There it stopped. People continued to clamor. “Go for home.” “Get a run.” “It’s the only run they’ll get.” Louder and louder. But the dog just sat on third base, until the grounds keepers came and carried it away.
A sports writer, reporting on the dog’s adventure, said, “It never got to home, because in all that shouting, it couldn’t recognize the voice of a master.”
From as long as I can remember, I went to church to be inspired, to hear the voice of the master, one that would lead me home. That’s what I wanted, needed, expected--preachers who inspired me to be an authentic person, a follower of Jesus, a respecter of others, one open to the leading of the Spirit. They told stories of others who lived authentically. They made me laugh. They made me feel lighter. They made me feel that I could do it, that I could conquer the demons and dilemmas of life.
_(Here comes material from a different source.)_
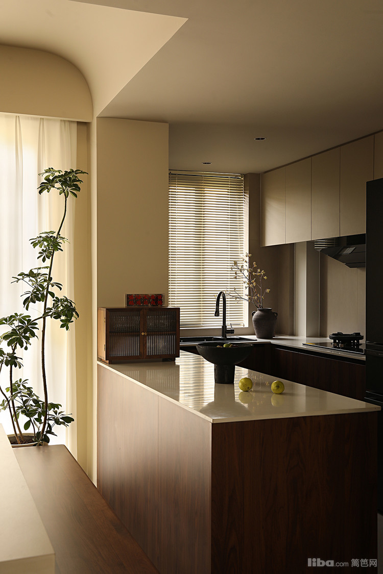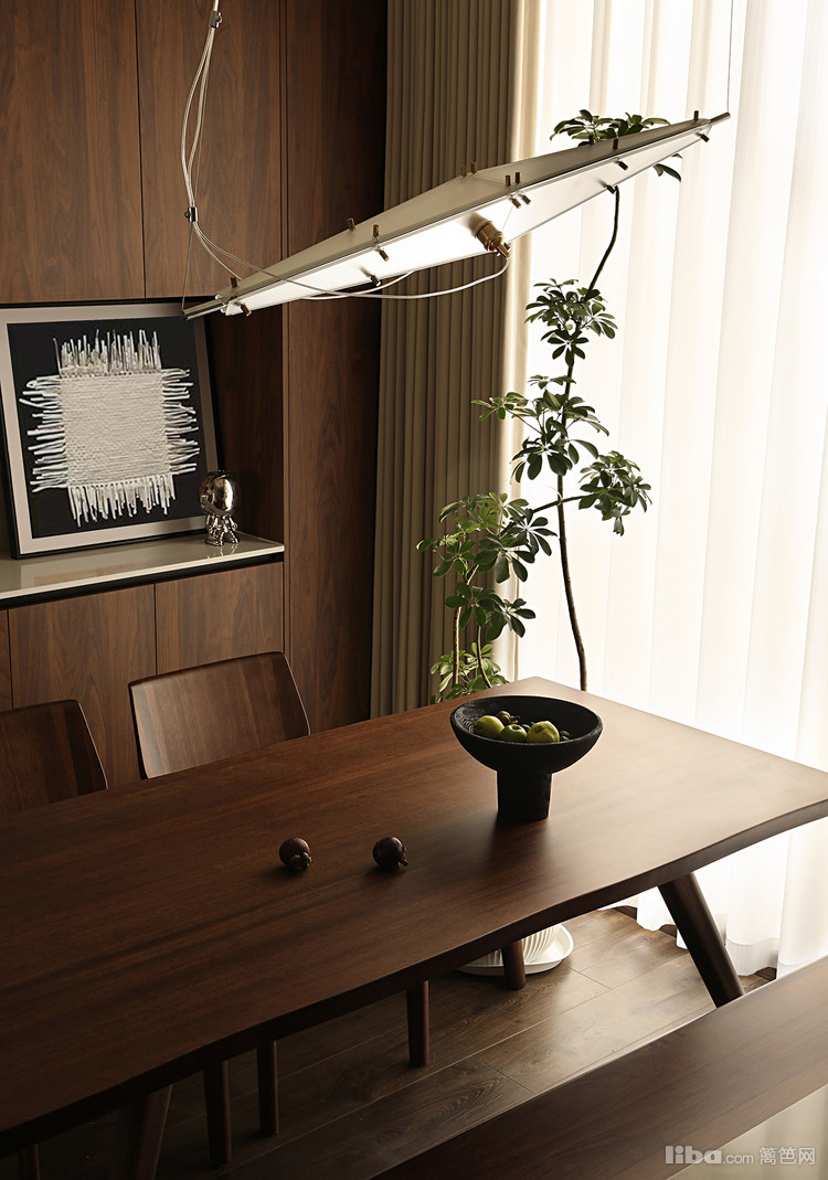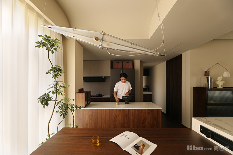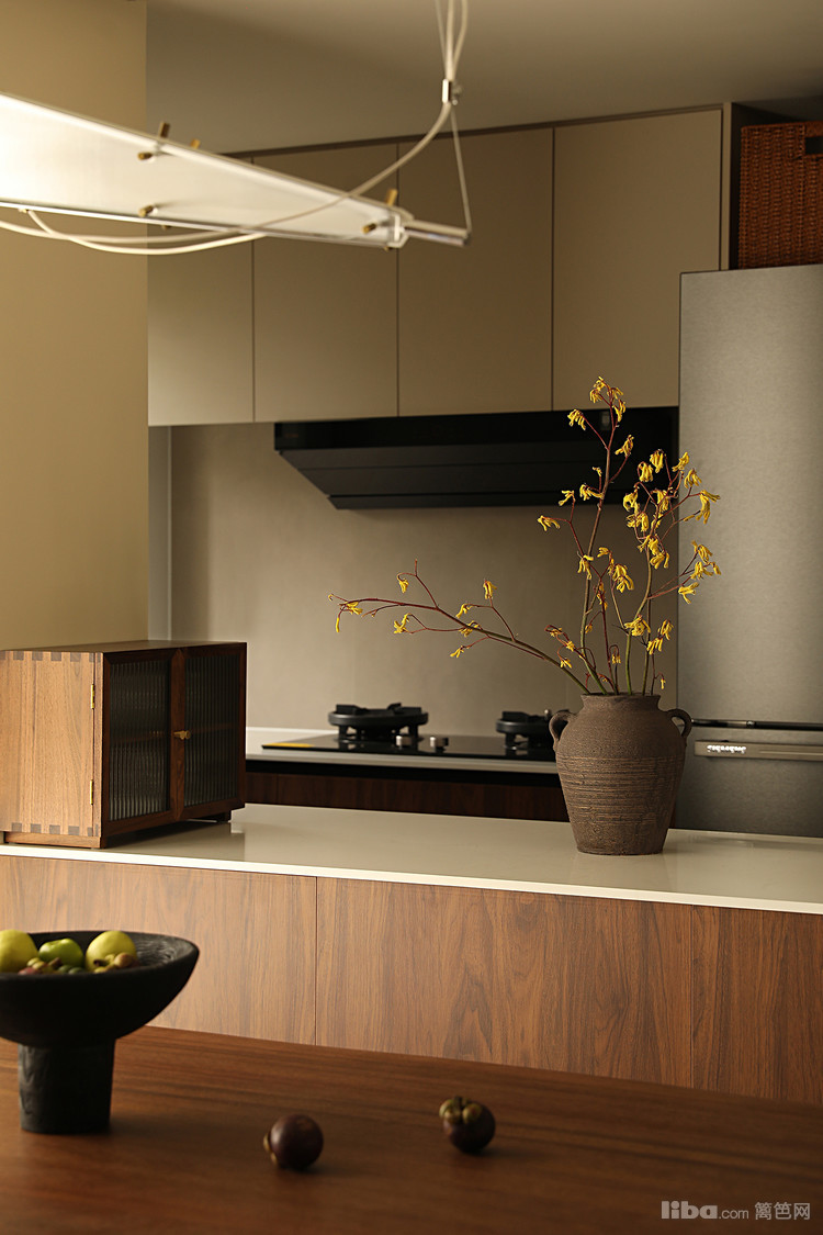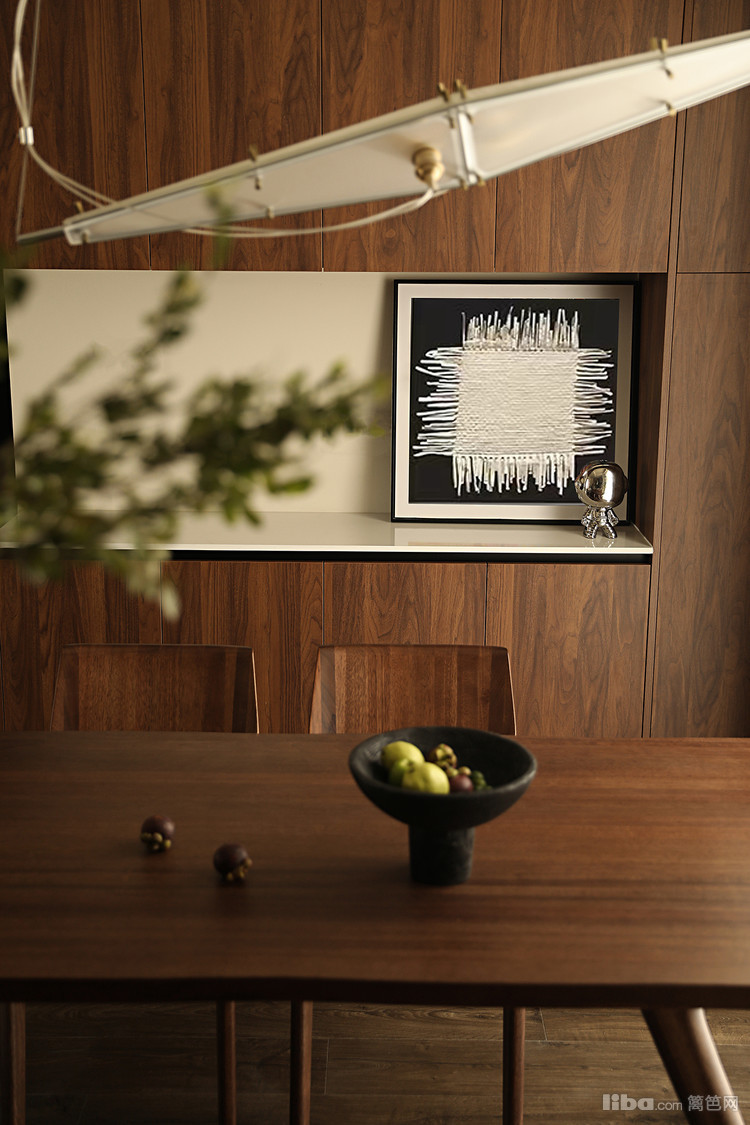 餐厅用岛台和胡桃木色桌子做搭配,岛台作为隔断,起到半遮挡的作用,将空间进行合理的划分,既好看又实用。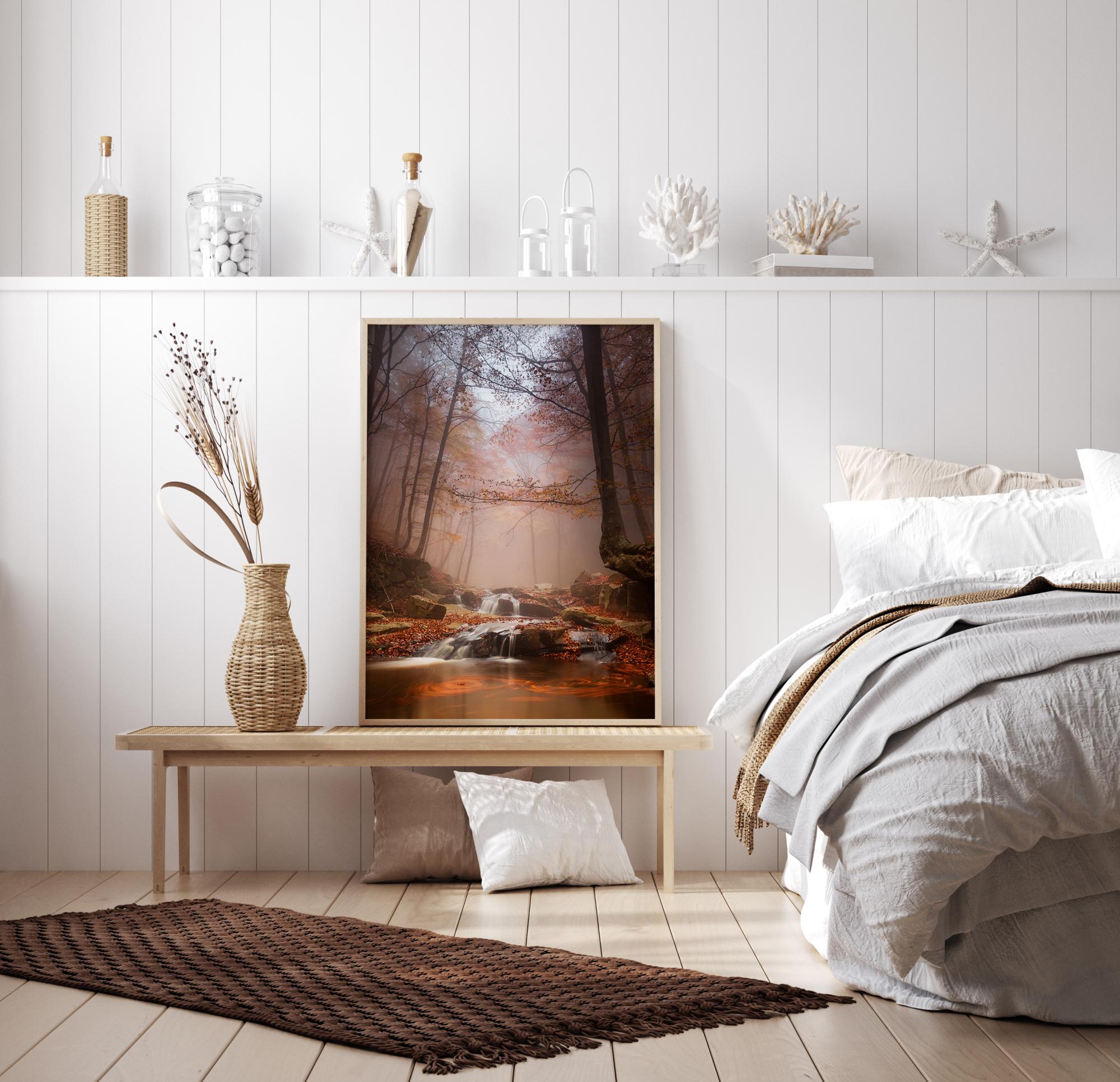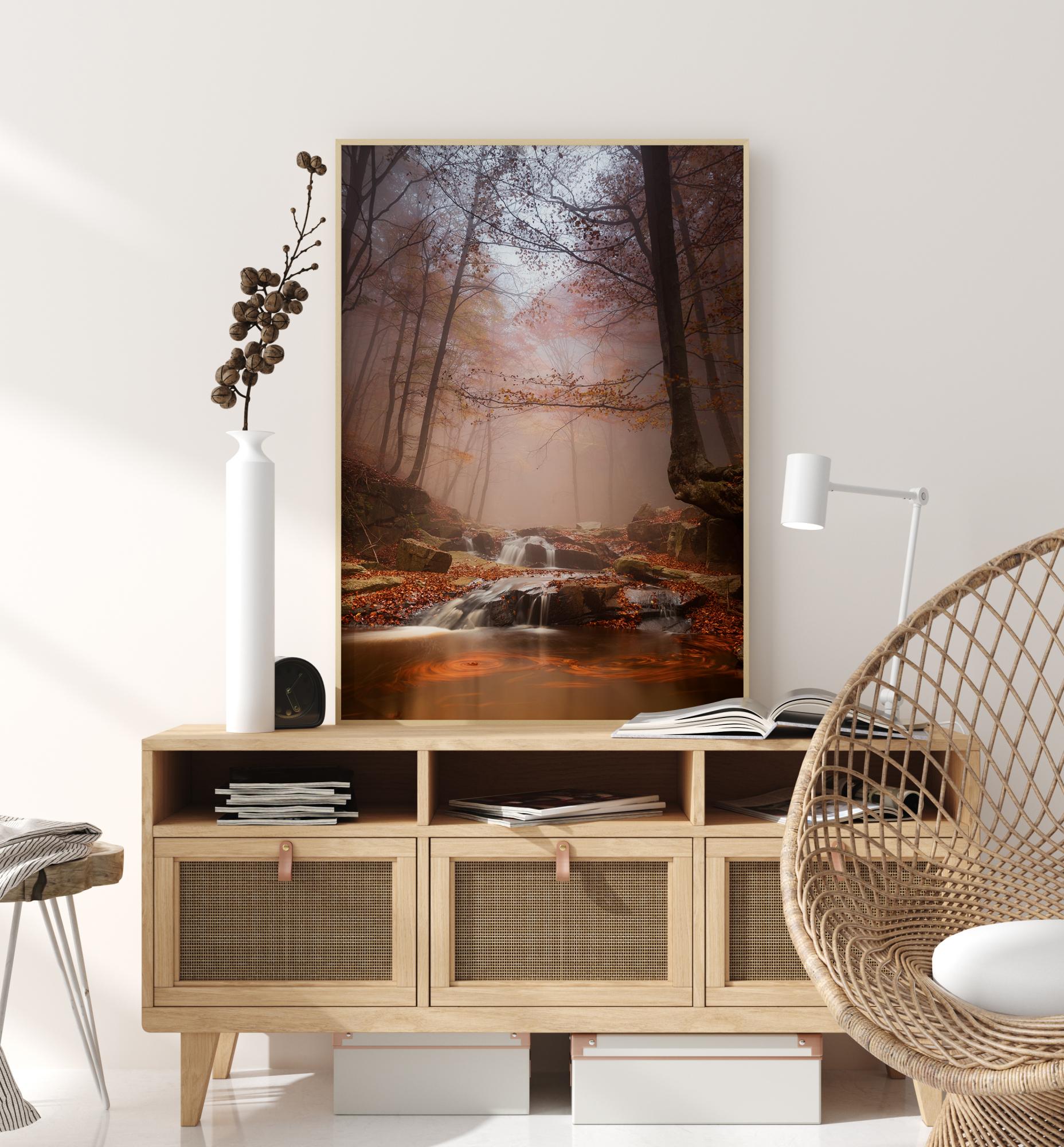 Egy festői portré egy ködös erdőről, amelyben egy gyönyörű patak található. A köd blokkolja a közvetlen napfényt, és csak néhány sugár világítja meg a ködös erdőt, kiemelve a barna és sárga leveleket. Az előtérben őszi színű levelek hevernek a folyóparton. Ez a poszter készen áll arra, hogy természetközeli és sziklás erdei kilátást adjon otthonának.

I was inspired not only by preachers in church. I was inspired to be a good person by seeing goodness in action, in the lives of relatives and neighbors and friends and teachers.
Church, though, seemed to be a special place for inspiration, a place, a community, where that was the main task, to be inspired, to have fun, to spread joy, to sing and pray together.
So when I became a preacher that’s what I tried to do—inspire, in my preaching, in the rest of the worship service, in the rest of the church life.
There is more to life than inspiration, of course, and more to church. Preachers need to provide opportunities for education and fellowship and service. “Faith without works is dead.” [James 2:14-26]
Some would say that inspiration is encouragement toward anything, including lives of hate. There are orators who speak with mighty tongues encouraging people to hate. But that is not inspiration. That is expiration. Inspiration is for life. Expiration encourages death.
There is no joy in expiration. If humor is attempted, it is laughter at, not laughter with. It is bullying, hating, disrespecting. It is not making fun, but making fun of.
Many preachers, many churches, now preach not an inspiring gospel of good news but an expiring gospel of bad news, a gospel that extols greed and hate. It is sad.
So many churches, so many people, shout and run, but they never get to home, because in all the chaos and clamor, they never hear the voice of the master.